Friday, February 5

Jared Rosholt Apparently Trying to Become UFC's Least-Popular Fighter

Jared Rosholt is making a name for himself.

A rising fighter in the UFC's talent-starved heavyweight division, Rosholt is 14-2 as a pro in MMA, including 6-1 since joining the UFC in 2013.

There's just one issue. Rosholt is boring. Watching him fight is like squeezing a ketchup packet, only the ketchup never comes out because you didn't tear the packet enough. There are plenty of grinders out there, but Rosholt stands out for how emphatic and strident he is about it. He is aggressively unaggressive, liberally conservative.

So it's not a huge shock that Rosholt has a few detractors out there. "Haters," to employ the modern parlance. Heading into his co-main event Saturday with Roy Nelson at UFC Fight Night 82, Rosholt is just as unapologetic outside the cage as he is inside it. The haters, to continue with the slang jag, can suck it.

“I block people [on Twitter] who bother me. I reply to the people who are nice,” Rosholt told Matt Erickson and John Morgan of MMAjunkie Thursday. “For every dig I get from somebody, I get 50 compliments. So get a life. I’ve got better stuff to do than sit around and listen to this. … C’mon. Get real.”

Telling fans, any fans, to "get a life" is probably not a piece of advice you find in any media training session or public relations guidebook. In doing so, Rosholt is indicating he doesn't care about such things.

Is this what a heel turn looks like?

In fairness, Rosholt comes across as a fairly reasonable person in public. In the MMAjunkie article, the 29-year-old freely acknowledged that he is "still developing" and needs "to work on my striking." 

And given that Rosholt was a three-time All-American wrestler at Oklahoma State, his grinding style is in no way unexpected. It's just that he is very, shall we say, committed to the style.

The most action-packed part of Rosholt's game might be his head, which he presses into his opponent's head as a way of slowly eroding their will to live as they clinch together along the fence. Rosholt has powerful hands (six of his seven stoppage wins came from striking), but generally speaking, they are only a tool that allows him to close distance so that striking need not occur any longer than it must.

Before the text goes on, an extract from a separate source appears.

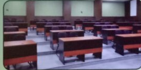
Class Room (50 Capacity)
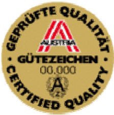
奥地利质量共同 促进会 质量标识

Once a dominant position is achieved on the mat or the clinch, Rosholt is content to remain in the position for as long as his opponent, time constraints and his considerable skills allow.

On one level, it's fine. It's all legal, it's not easy to do and, hey, if someone doesn't like it they're free to try to stop him from doing it. Rosholt has asked for a top-10 opponent if he defeats Nelson. That is a valid request.

On another level, it's boring. It's just boring.

On still another level, it displays a kind of risk aversion that is unpalatable beyond a simple lack of visual appeal. He fights as if to avoid a fight breaking out.

The analog is not one of a great defensive football team, which displays its own aggression and makes its own progress. It would be like a team choosing to take a knee on every offensive possession until it was time to punt, pinning opponents deep in their own territory time and time again and stopping their forward movement to the point that it eventually got into field-goal range by attrition.

It takes discipline and will, on top of talent. Rosholt has those things. He also clearly has the psychological makeup it takes to impose such a game plan, which requires an inability or unwillingness to consider the feelings of the paying public.

So more power to him. But if his unappealing style continues alongside an insistence that all critics are losers living in their parents' basements, he could quickly become a notably unpopular figure.

As history has shown, that in itself can become a source of marketability and media attention. He certainly appeared to have plenty during the fight-week activities leading up to Saturday's event, as MMA Fighting's Chuck Mindenhall shared on Twitter:

Will it continue? This route is a tricky one, because a loss dries it up quickly. There's no safety net. We'll see how long Rosholt can continue the tightrope walk, and who, if anyone, is waiting on the other side.